New research by seismologists suggests that the magnitude of an earthquake scales with maturity of the fault line, meaning the older the fault is, the larger the earthquakes it can produce.

The results of the study were announced this week at the Seismological Society of America (SSA) 2014 Annual Meeting in Anchorage, Alaska.

Marco Bohnhoff, a professor of geophysics at the German Research Center for Geosciences in Potsdam, Germany, led the research, which focused on two well-known fault lines, the San Andreas Fault in North America, and the North Anatolian Fault Zone (NAFZ), a system of fault lines that extends across Turkey.

The San Andreas Fault and the NAFZ share similar properties; they are both known as "continental transforms" and have similar lengths and slip rates. Basins beneath the sea in both California and Turkey are being pulled apart by the strike-slip system that each of the fault zones creates.

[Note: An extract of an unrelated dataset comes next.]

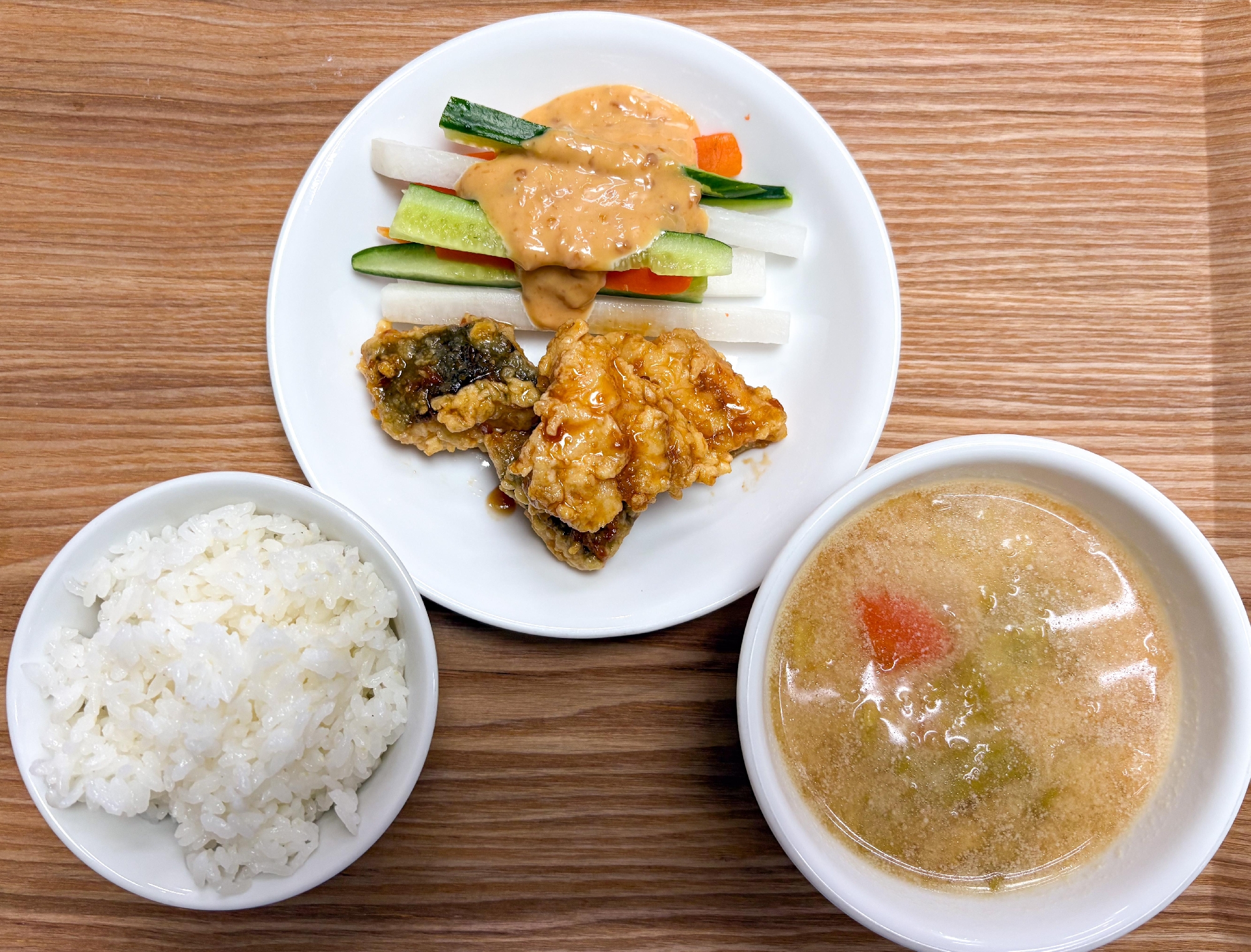 外はカリッと中はふっくらの白身魚のから揚げ。甘辛だれでごはんが進みます。野菜スティックは味噌マヨをつけて前歯でがぶり♪みんな沢山食べました!

Istanbul, with its population of 18 million, is at particular risk from a large earthquake along the NAFZ, therefore, identifying the maximum earthquake magnitude in the fault zone is critical for seismic hazard assessment, the researchers said.

"It has been argued for decades that fault systems evolving over geological time may unify smaller fault segments, forming mature rupture zones with a potential for larger earthquake,"Bohnhoff said in a statement form the SSA. "With the outcome of this study it would in principal be possible to improve the seismic hazard estimates for any transform fault near a population center, once its maturity can be quantified."

Istanbul has been populated for more than 2,000 years, and the city has a rich history of written records and data which catalog earthquakes in the NAFZ region.

"What we know of the fault zone is that it originated approximately 12 million years ago in the east and migrated to the west," Bohnhoff said. "In the eastern portion of the fault zone, individual fault segments are longer and the offsets are larger."

The researchers report that the largest earthquake to occur along the NAFZ were approximately magnitude 8 and were exclusively observed along eastern section of the fault zone, which is older. The younger sections of the fault zone, to the west, have historically produced earthquakes no larger than magnitude 7.4, Bohnhoff said.

"While a 7.4 earthquake is significant, this study puts a limit on the current seismic hazard to northwest Turkey and its largest regional population and economical center Istanbul," Bohnhoff explained.

When compared to the San Andreas and the Dead Sea Transform Fault systems, which are geologically similar, the analysis of the NAFZ still stood, Bohnhoff said.

Last year, Bohnhoff published a study that predicted the epicenter of the next big earthquake near Istanbul to be just south of the city in the Sea of Marmara.